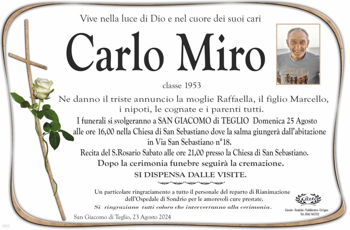 Lascia un messaggio di cordoglio, lo recapiteremo ai familiari di Miro Carlo
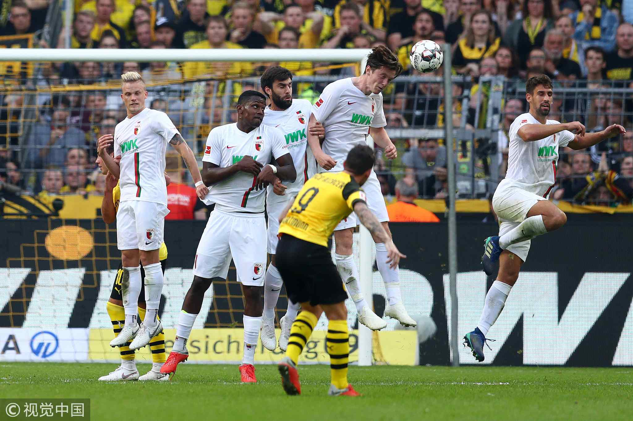 Paco Alcacer of Borussia Dortmund scores his team's fourth goal during their Bundesliga match against FC Augsburg at Signal Iduna Park in Dortmund, Germany, October 6, 2018. /VCG Photo
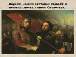 Страница 5. «Да, были люди в наше время…» Ведущий: Подвиг ополчения, собранного Кузьмой Мининым и возглавляемого князем Дмитрием Пожарским и подвиг простого крестьянина Ивана Сусанина - называют великим делом в русской истории. 405 лет назад народы России, объединённые идеями согласия, сплочения, сохранения государства смогли отстоять свободу и независимость нашего Отечества. |
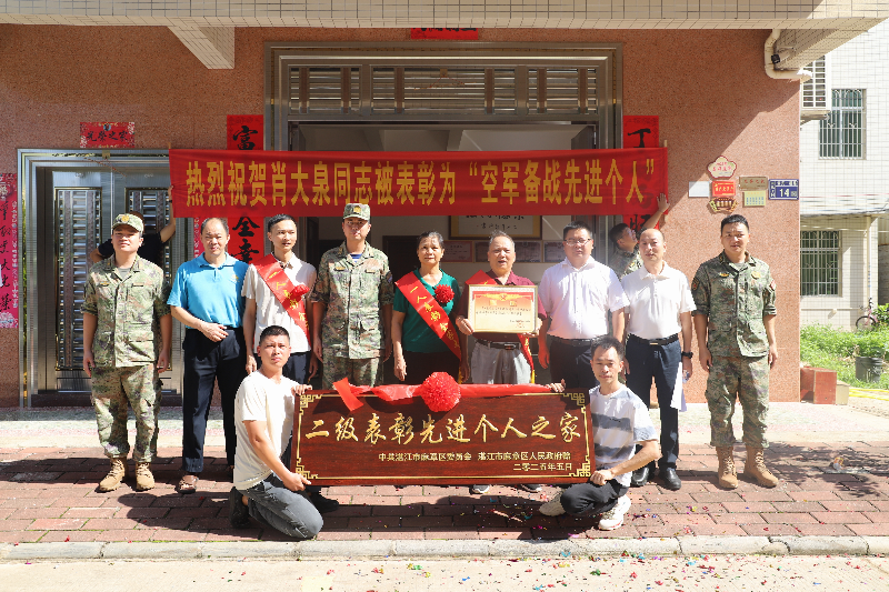 在铿锵的锣鼓声与阵阵鞭炮声中,送喜报队伍高举“二级表彰先进个人之家”烫金牌匾和醒目的报喜横幅,在父老乡亲的簇拥下,将承载着荣誉的喜报送到肖大泉家中。在喜庆与荣耀的氛围中,陈鹏宇满怀敬意地为军属们送上喜报、牌匾、绶带、慰问金,并与军属亲切交谈。“这份荣誉既是肖大泉同志刻苦训练、建功军营的见证,也是麻章子弟兵矢志强军的缩影。”陈鹏宇同志表示,肖大泉作为空军某部专业技术骨干,在部队某技术领域表现突出,展现出新时代革命军人的过硬本领和使命担当,是全区干部的学习榜样。
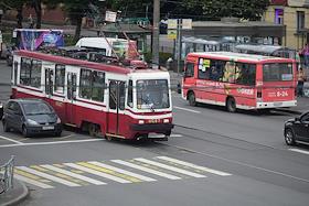 Виды Санкт-Петербурга. Жанровая фотография. Трамвай во время движения по маршруту.
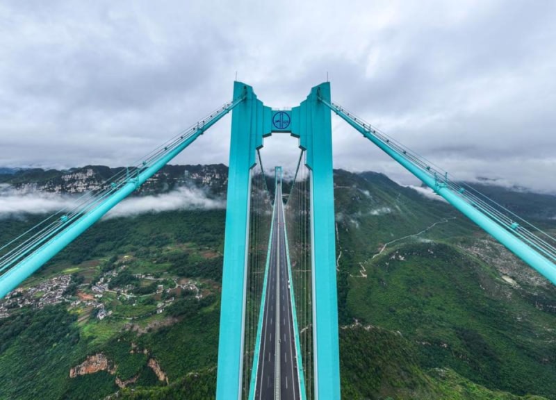 Guizhou'nun dağlık kesimindeki Beipan Nehri'nin 625 metre üzerinde yükselen Huajiang Büyük Kanyon Köprüsü’nün, San Francisco'daki Golden Gate Köprüsü'nden yaklaşık dokuz kat daha yüksek olduğu kaydedildi.
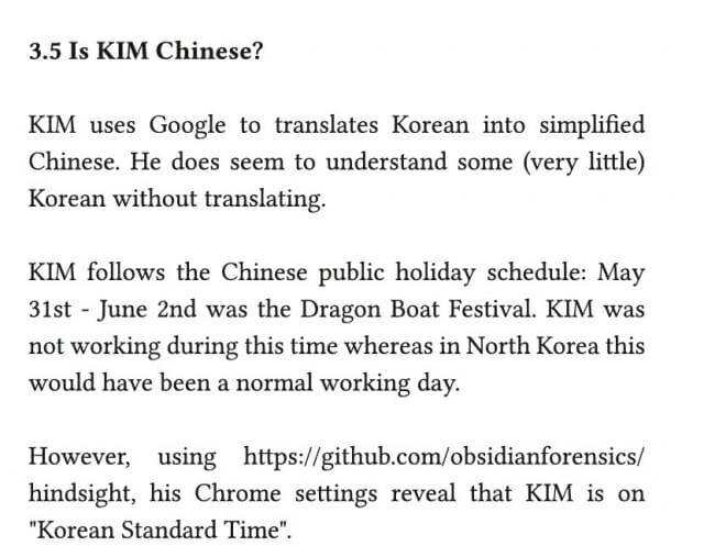하지만 보고서 저자는 공격자의 크롬 설정은 한국 시간에 맞춰져 있었다고 설명했다. 또 한국어를 일부 이해할 수 있어 공격이 김수키와 연계된 것인지 중국계 운영자인지 명확히 파악하기 어려운 상황이다.
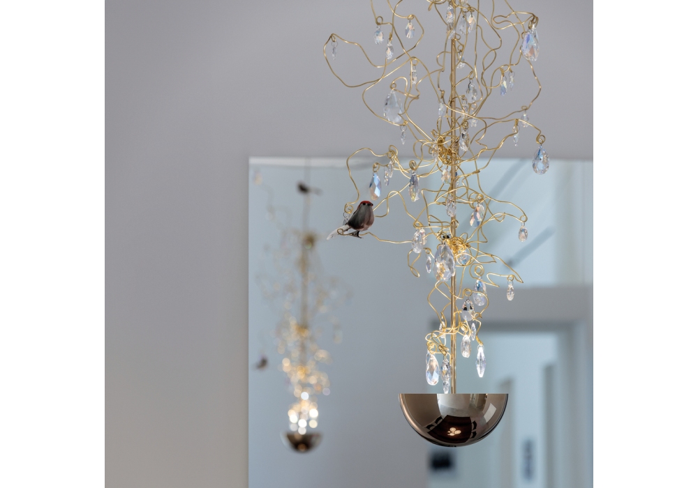 Louis XIV diseñada y producida por Davide Groppi es una lámpara de suspensión de doble emisión completamente estructurada en metal con colgantes de cristal. El tallo vertical es dorado mientras que el difusor tiene forma circular pintado de negro y adopta fuentes de luz LED regulables en diferentes versiones y gradaciones de luz.
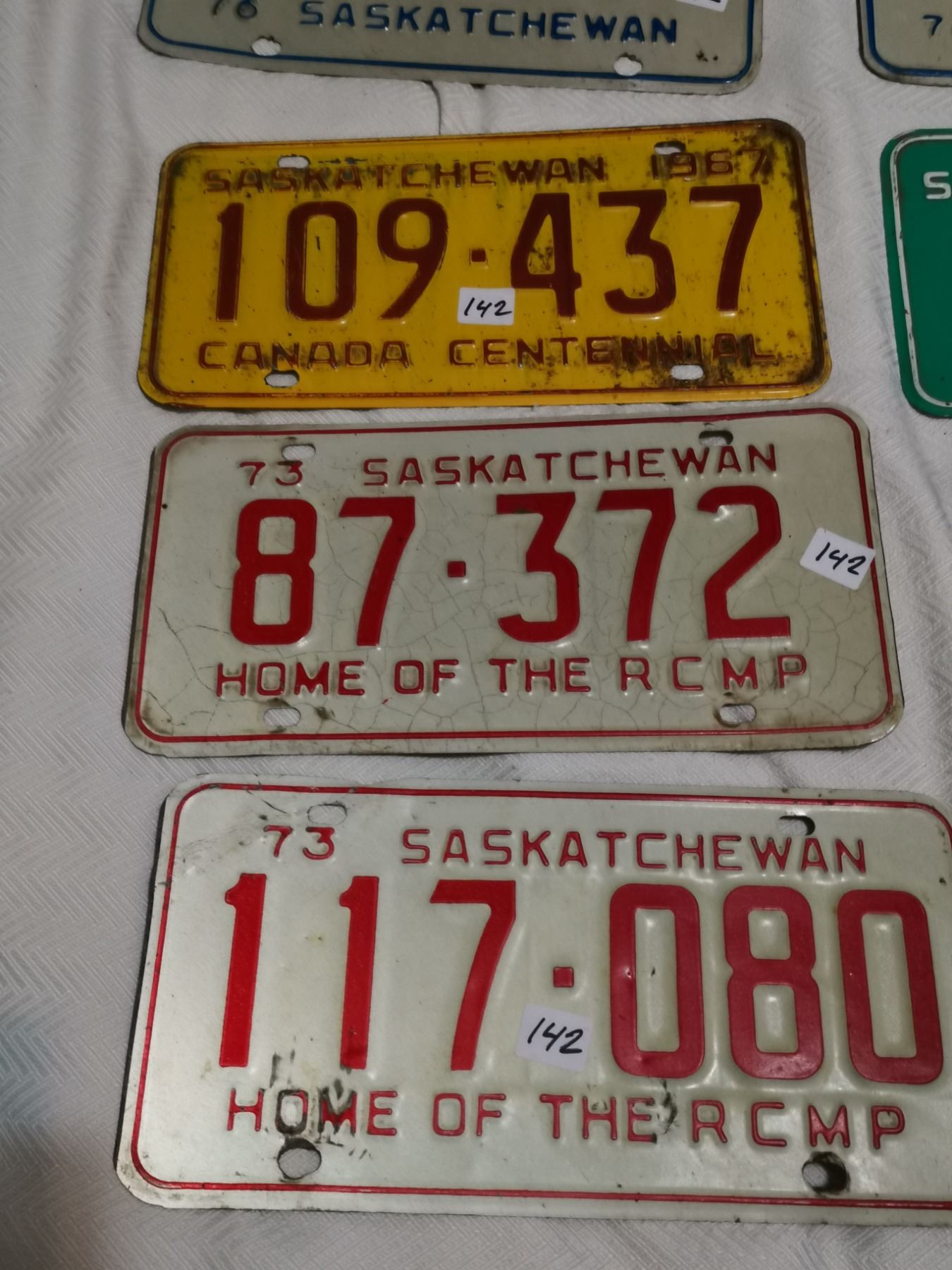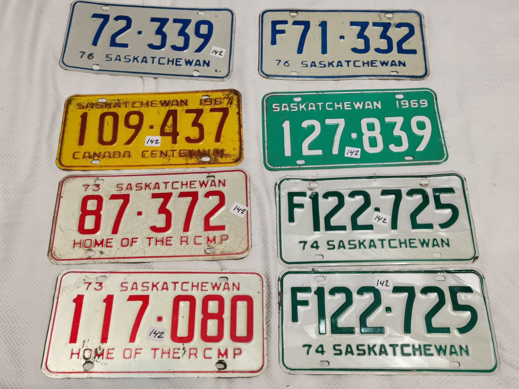 8 Saskatchewan license plates 1974, 67, 76, 73, 69

++++++++++++++++++++

→ **ACTIVITY**: In the listing above, find the line with "Виды Санкт-Петербурга. Жанровая" and the line with "하지만 보고서 저자는". Copy exactly those two and every line between, without the pictures.

→ **TASK SOLUTION**:
 Виды Санкт-Петербурга. Жанровая фотография. Трамвай во время движения по маршруту.
 Guizhou'nun dağlık kesimindeki Beipan Nehri'nin 625 metre üzerinde yükselen Huajiang Büyük Kanyon Köprüsü’nün, San Francisco'daki Golden Gate Köprüsü'nden yaklaşık dokuz kat daha yüksek olduğu kaydedildi.
하지만 보고서 저자는 공격자의 크롬 설정은 한국 시간에 맞춰져 있었다고 설명했다. 또 한국어를 일부 이해할 수 있어 공격이 김수키와 연계된 것인지 중국계 운영자인지 명확히 파악하기 어려운 상황이다.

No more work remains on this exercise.